Using python and standard libraries I'd like to quickly generate interaction features for machine learning models (classifiers or regressors). 我想使用python和标准库为机器学习模型（分类器或回归器）快速生成交互功能。 Because feature engineering by hand can be time consuming I'm looking for standard python libraries and methods that can semi-automate some of the process. 因为手工进行功能设计可能很耗时，所以我在寻找可以半自动化某些过程的标准python库和方法。 For example, to generate quadratic features for analysis I have the following code: 例如，要生成用于分析的二次特征，我有以下代码：

import pandas as pd
import numpy as np

df = pd.DataFrame({'a': ['abc', 'def', 'ghi', 'kjl'],
                   'b': [2, 5, 7, 8],
                   'c': [1.2, 3, 4, 6]})
num_cols = [col for col in df.columns if df[col].dtype in [np.int64, np.float64]]
quadratic_cols = [tuple(sorted((i,j))) for i in num_cols for j in num_cols]
quad_col_pairs = list(set(quadratic_cols))

for col_pair in quad_col_pairs:
    col1, col2 = col_pair
    quadratic_col = '{}*{}'.format(*col_pair)
    df[quadratic_col] = df[col1] * df[col2]

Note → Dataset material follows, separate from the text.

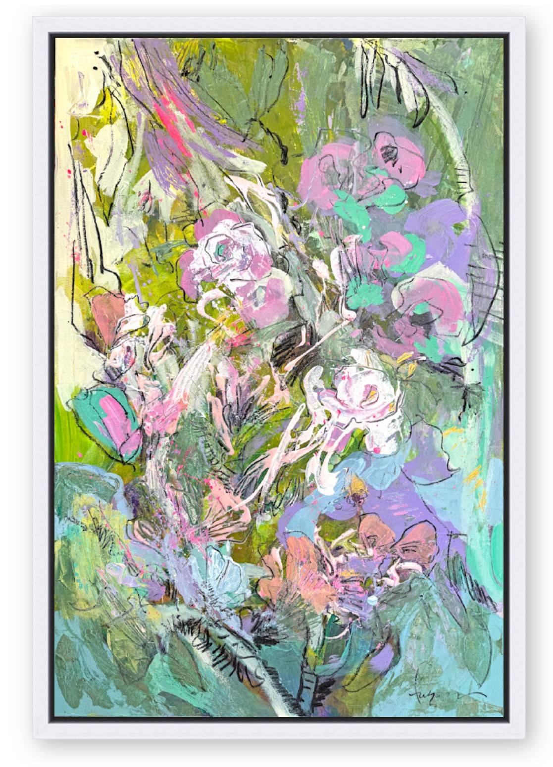 Framed Artist Edition Canvas, overall size 39" x 27" (Includes White Slim Float Frame, certificate of authenticity, shipping, and Flourish Collective Membership) Will be shipped in approximately 6 weeks, after your 2nd payment is received.

I'd like to simplify this code because this kind of feature engineering should more standardized and quickly deployed. 我想简化此代码，因为这种功能工程应该更加标准化并且可以更快地部署。 It also falls short because it would require more lines of code to generate derived features from addition, subtraction, or division across the feature columns. 它也不够完善，因为需要更多的代码行才能通过对要素列进行加，减或除来生成派生要素。

How can I simplify the above code? 如何简化以上代码？ Is there a standard python method or library that can more efficiently generate derived features for building models? 是否有标准的python方法或库可以更有效地生成用于构建模型的派生特征？

Answer 1

Try this for getting required columns with avoiding loops, 尝试此操作以获取需要的列，避免循环，

import itertools
L=df.select_dtypes(include=[np.number]).columns.tolist()
quad_col_pairs =  list(itertools.combinations_with_replacement(L,2))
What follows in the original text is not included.